# Timed Coffee Machine



## chew (Nov 9, 2008)

I'm looking for a timed coffee machine to sit by my bedside that will make 1-2 cups of coffee at a set time.

My parents used to have one a long time ago that did just that. It had a light, a clock and an alarm. They woke up to a ready made cup without getting out of bed

The coffee only needs to be instant (I'm actually not a big coffee drinker).

Any ideas greatly appreciated.

(Preferably a really basic / quiet / easy to maintain machine.)


----------



## Glenn (Jun 14, 2008)

Welcome to Coffee Forums UK

It sounds like you need one of these (link to manufacturer here)

The coffee produced is a lot better than instant, using either preground - or you can grind your own the night before - which really has a similar effect.

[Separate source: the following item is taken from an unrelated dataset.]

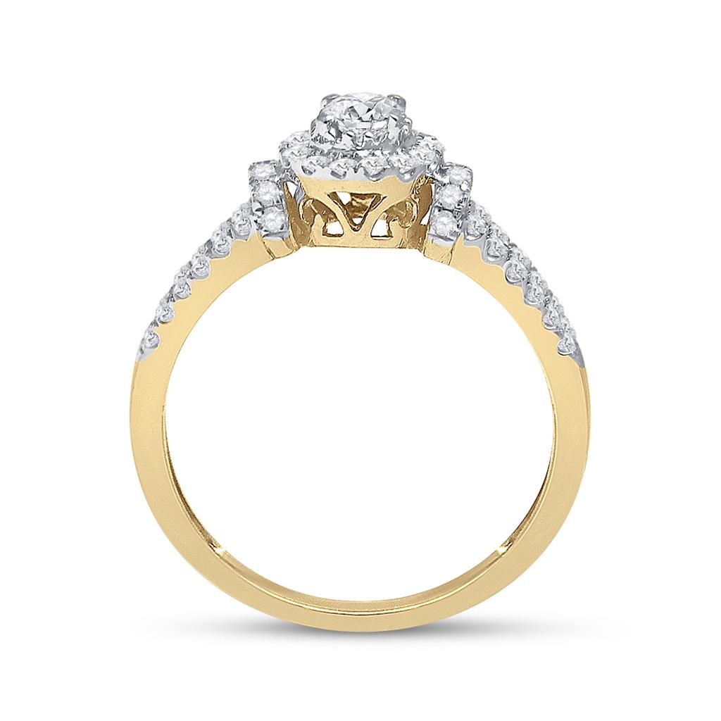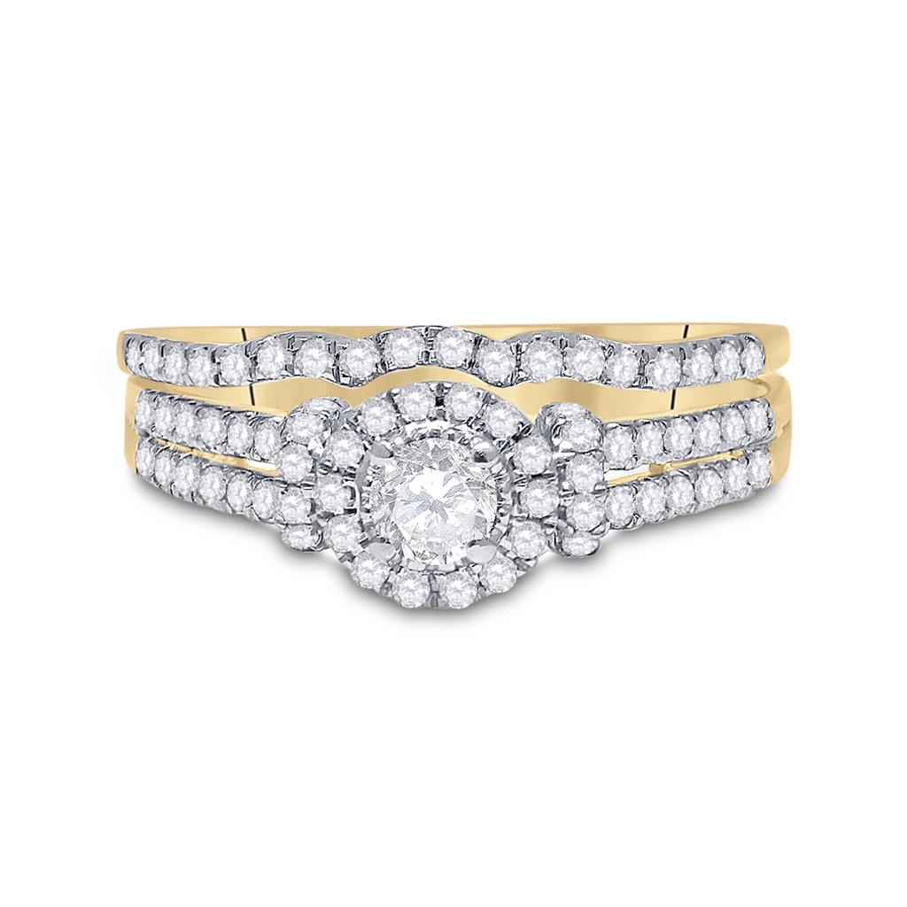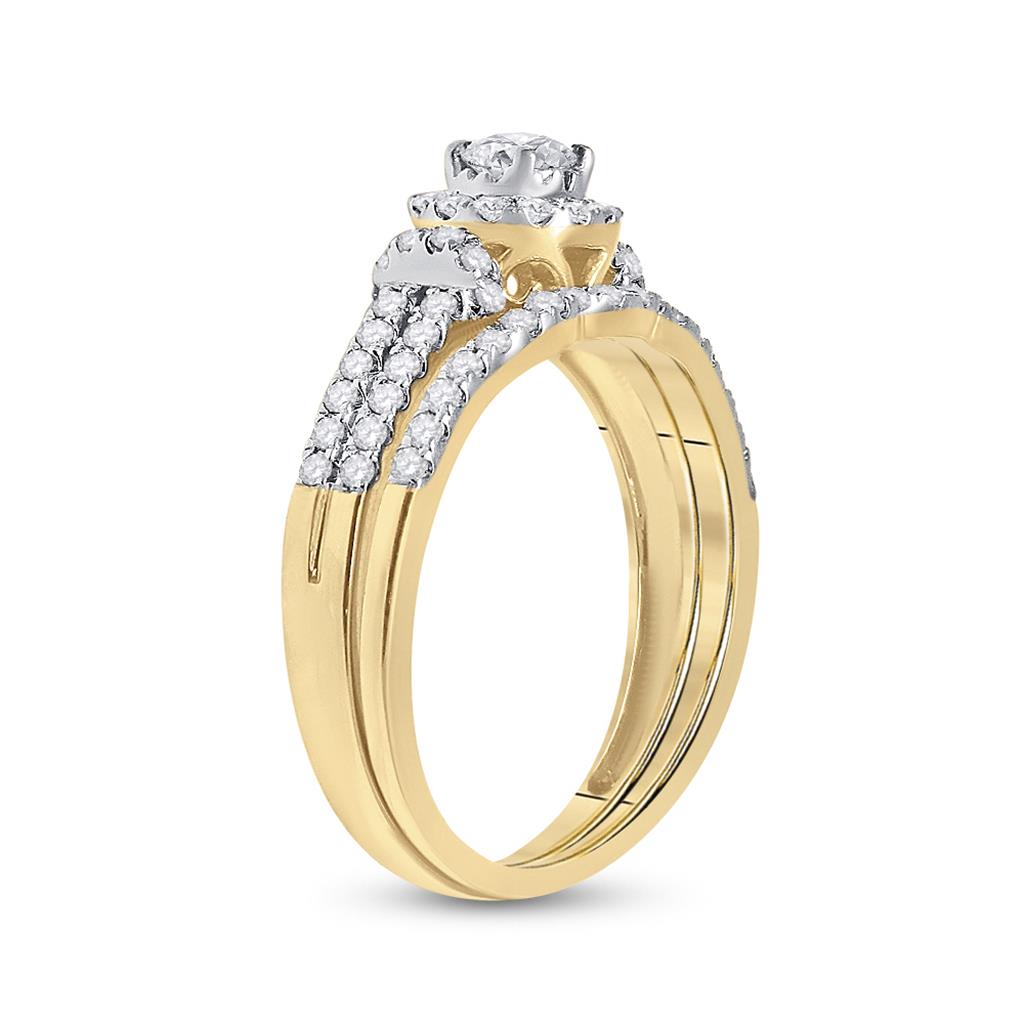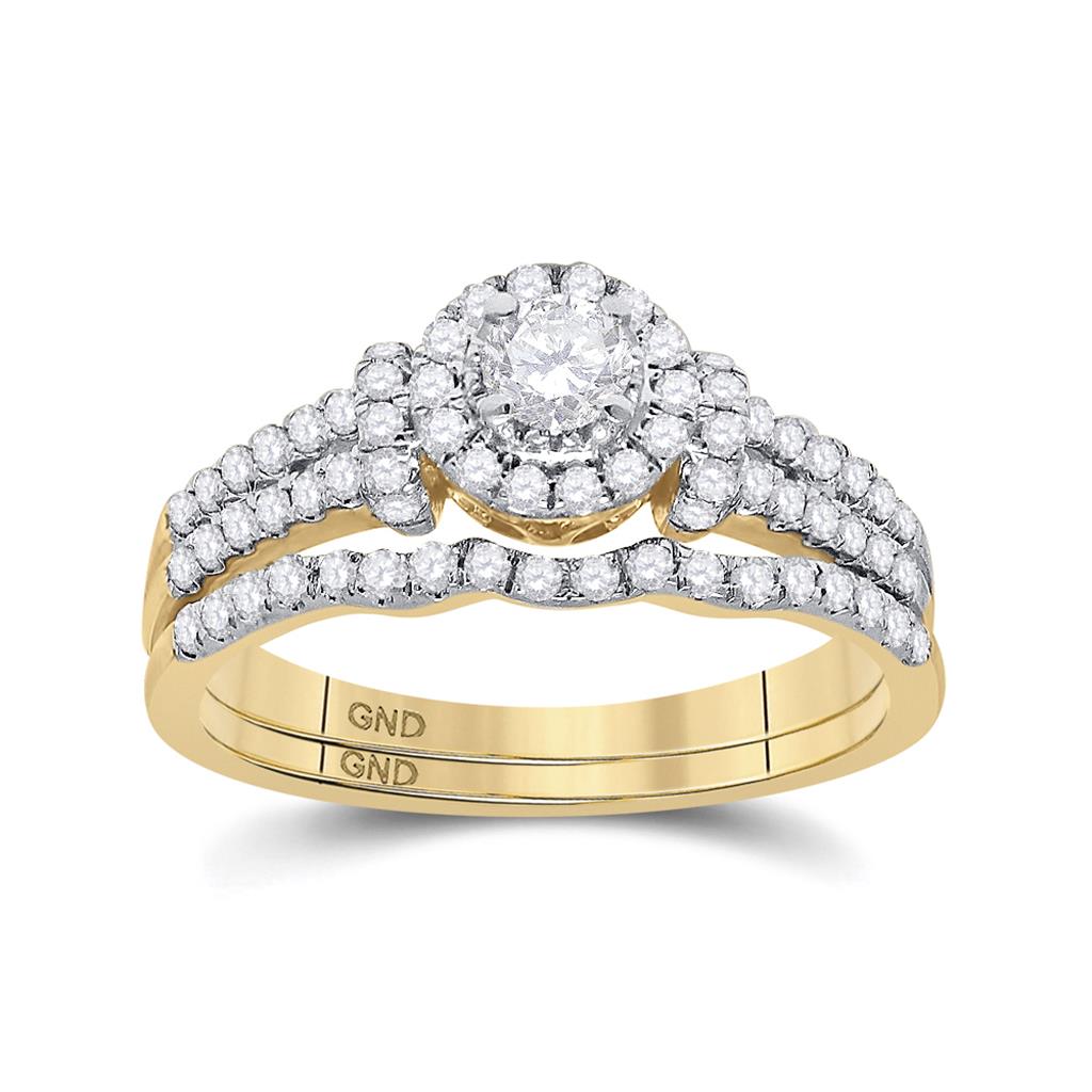 14k Yellow Gold Round Diamond Halo Bridal Wedding Ring Set 5/8 Cttw

These ,machines are easy to use and can be washed throughoughly to remove any buildup of coffee oils

The smell will certainly wake you up too.


----------



## chew (Nov 9, 2008)

Thanks Glenn,

That looks fantastic. I think I'll get one.

I was really only looking for a cheap instant coffee maker. I actually just ordered a small vacuum flask to see if it would keep a coffee hot enough overnight.


----------



## BarryNorton (Nov 25, 2008)

Maybe too late, but another alternative is the Cuisinart DGB900BCU, which has a built-in burr grinder:

http://www.amazon.co.uk/Cuisinart-DGB900BCU-Grind-Coffee-Maker/dp/B00155PUQ8/ref=sr_1_1/276-3193477-5038622?ie=UTF8&qid=1227613839&sr=8-1

The old models got mixed reviews, but I'd be kind of interested in how this does. One advantage over the Bialetti is keeping the coffee warmer longer (though not a good thing, in itself, it might help if you're as bad at getting up as I am!)


----------